2. Pricing Opportunities will be found in Big Data Projects
The days of across-the-board price increases are gone. The opportunities lie at a segment, sub-segment and increasingly at the individual customer level. And the only way companies are going to identify these opportunities is by mining through megabytes and megabytes of data, looking for the meaningful rather than the mean, and finding differences rather than similarities.
3. The Subscription and Service Economy
More and more products that were previously sold on a transactional basis are now being sold on a relationship basis utilising a subscription (sell once, renew many) pricing model. This includes DVD rentals (Quickflix, Netflix), car rentals (Flexicar), music (Spotify) and numerous technology products adopting the Software as a Service (SaaS) model. Even razor blades are being sold via subscription by DollarShaveClub.com.
Expensive capital goods are also being sold as services. Rolls Royce, Pratt & Whitney and the like have been “renting” aircraft engines to airlines for many years. Xerox, Cannon and others “rent” photocopiers to corporate clients. Orica no longer sells explosives, but rather “rock removal services”.

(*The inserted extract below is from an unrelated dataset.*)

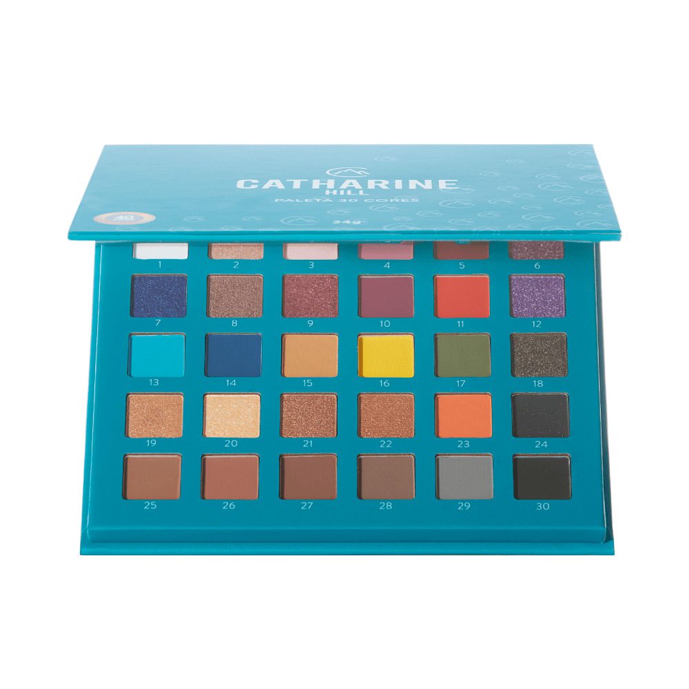 - Sombras marrons e cobre cintilante: a Paleta de 30 Cores Catharine Hill é a escolha perfeita. Ela traz diferentes tons de marrom, entre opacos e cintilantes. Você pode usar uma única cor para dar profundidade às pálpebras ou construir um esfumado mais elaborado para eventos noturnos.

The benefits of selling services are numerous: services are difficult to commoditise, margins are higher, retention of ownership, and the client spends OpEx rather than CapEx. Expect this trend to continue, and proliferate, in 2013.
4. Usage of Pricing Competitive Intelligence Tools
Online shopping is rapidly approaching 5% in Australia, 10% in the US and almost 20% in the UK. Retailing will become more and more cut throat, and the competition can be on the other side of the street or the other side of the world.
As more and more consumers make price-based purchasing decisions, remaining competitive on price will mean the difference between smaller profits or losses for many retailers, large and small. Online Pricing competitive intelligence tools & platforms will become firmly entrenched in many retailers’ arsenal but sadly, some retailers will use these tools the wrong way, contributing to their own demise.
5. The Role of Social Media in Pricing
What, if any role, social media plays in Pricing will become a bit clearer in 2013. Early in 2012, there was some irresponsible scaremongering about the concept of “behavioural pricing”, whereby Facebook fans and Twitter followers would be asked to pay more for goods they liked or followed.
Amazon tried something similar to this in 2000, when they charged different customers different prices (-30%, -35% and -40% off) for the same product. Customers didn't take too kindly to this, and despite the cost being small (an average of $US3 being refunded to 6,896 customers) the damage to Amazon’s good will was far greater.
More interesting are developments at C&A in Brazil, where products are hung on coat hangers that show the number of likes the garment has had on Facebook (assuming the garment is on the correct coat-hangar).
6. The Beginning of the End for Behavioural Economics?
Marketers have certainly learned a lot from Behavioural Economics (BE) over the last 30 years. With a fairly robust set of heuristics now firmly established, I wouldn't be surprised if BE provides marketers with a new, third generation approach to market segmentation.
But I also believe cracks will start to appear in BE, the first of which involves trust. Why would I accept a ‘nudge’ in the direction of a particular products or service, whether its offered by a bank or a government, if I don’t trust them?
Technology may also start to undermine BE. Imagine a smartphone app that, upon scanning a products’ barcode, tells you whether you should buy it on cash or credit, which bank account or credit card to use (talking into account overdraft limits and interest rates), and what your loyalty points balance will be after the transaction has been completed? Technology will provide the rationale for those irrational decisions consumer had been making.